Chao Cai¹, Jody Banks¹

¹Purdue University

Abstract Plant classification is one of the core components in undergraduate programs related to plant sciences. Traditionally plant classification courses primarily introduce morphology-based taxonomy because of practical needs in the field. However, the publication of new plant classification systems by Angiosperm Phylogeny Group (APG) using molecular phylogeny methods leads to the trends of using molecular evidence (DNA barcode) for plant identification. In our introductory plant classification course, we included a two-week module (lectures and labs) to introduce key concepts and fundamental skills in molecular phylogeny. Week 1 included concepts of evolutionary tree thinking, data mining in NCBI using BLAST search, and phylogenetic tree building. Week 2 introduced concepts of DNA sequencing and barcoding for plant identification. Student selected their own plants to sequence the DNA barcodes, which were then used in the final exam for practice and summative assessments. One challenge we are constantly dealing with is the increasing difficulty in finding diverse sequence using BLAST because of the fast-growing number of angiosperm genomes sequenced.

Bioinformatics for Biologists: Have a BLAST and beyond!

Jessica Siltberg-Liberles¹, Rocio Benabentos², Sreyasi Biswas²

¹Department of Biological Sciences, Biomolecular Sciences Institute, Florida International University, Miami, Florida ²STEM Transformation Institute, Florida International University, Miami, Florida

We present our ongoing work to develop and implement a self-assessment of bioinformatics for undergraduate life science students in Bioinformatics for Biologists - an active-learning course that includes an authentic course-based undergraduate research experience (CURE). The course follows a partially flipped instructional mode and is divided into two sections. In the first section, students learn to do bioinformatics through activities and interactive lectures. In the second section, students work in groups and apply their acquired bioinformatics skills to a course-based novel research project. The course is designed to emphasize not only application of bioinformatics skills in a novel research context but also the importance of collaboration, manuscript preparation, peer review, and reproducibility of bioinformatics results. The course is currently taught with support of 6 undergraduate Learning and Writing Assistants. In order to assess our learning goals, we have developed and implemented a survey targeting the bioinformatics core competencies. Moreover, we have developed a concept inventory quiz to measure students’ conceptual understanding of common bioinformatics algorithms and their biological applications. Here, we present preliminary data that demonstrates that students greatly gain self-confidence in their bioinformatics core competencies after taking this course.

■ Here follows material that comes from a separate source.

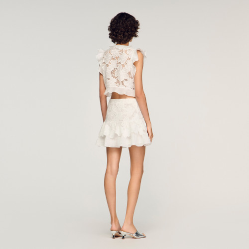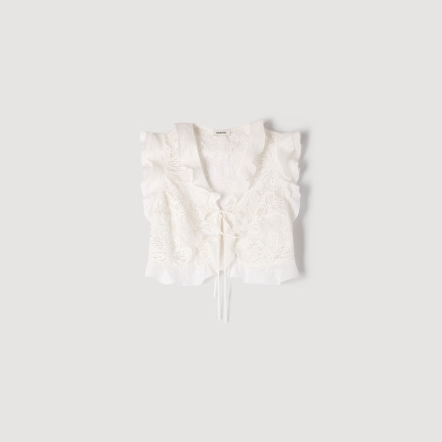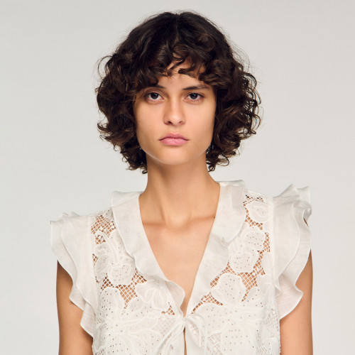 Guipure crop top with a floral pattern, featuring a ruffled V-neckline, short ruffled sleeves and a tie fastening at the front.

Hemoglobin – connecting DNA sequence to structure and function

Keith A. Johnson Department of Biology

Bradley University, Peoria, IL

This three-part case study is aimed at connecting students’ understanding of DNA mutations, the effects on the encoded polypeptide sequence and structure, and the impact of this mutation on the function of the protein. This case study uses the tetrameric hemoglobin protein to illustrate the impact of mutations on the DNA sequence and protein function. The first part of the case study directs students to compare the α - and ß-globin DNA and polypeptide sequences using BLAST and multiple sequence alignments. In the second part of the case study, students compare the nucleic acid sequences of the globin genes with the mutated sickle-cell anemia sequence and determine which globin sequence has been altered and identify the type of mutation that occurs (DNA and amino acid level). They are also directed to OMIM.org to find out more disease information. Connecting the mutation to protein structure is an important part to understanding how mutations affect function, so in the third part the students observe a three-dimensional model (pdb file) and examine the location and discuss the impact of the sickle-cell mutation on protein structure and function. Additional worksheets can be generated to followup other globinopathies and protein function.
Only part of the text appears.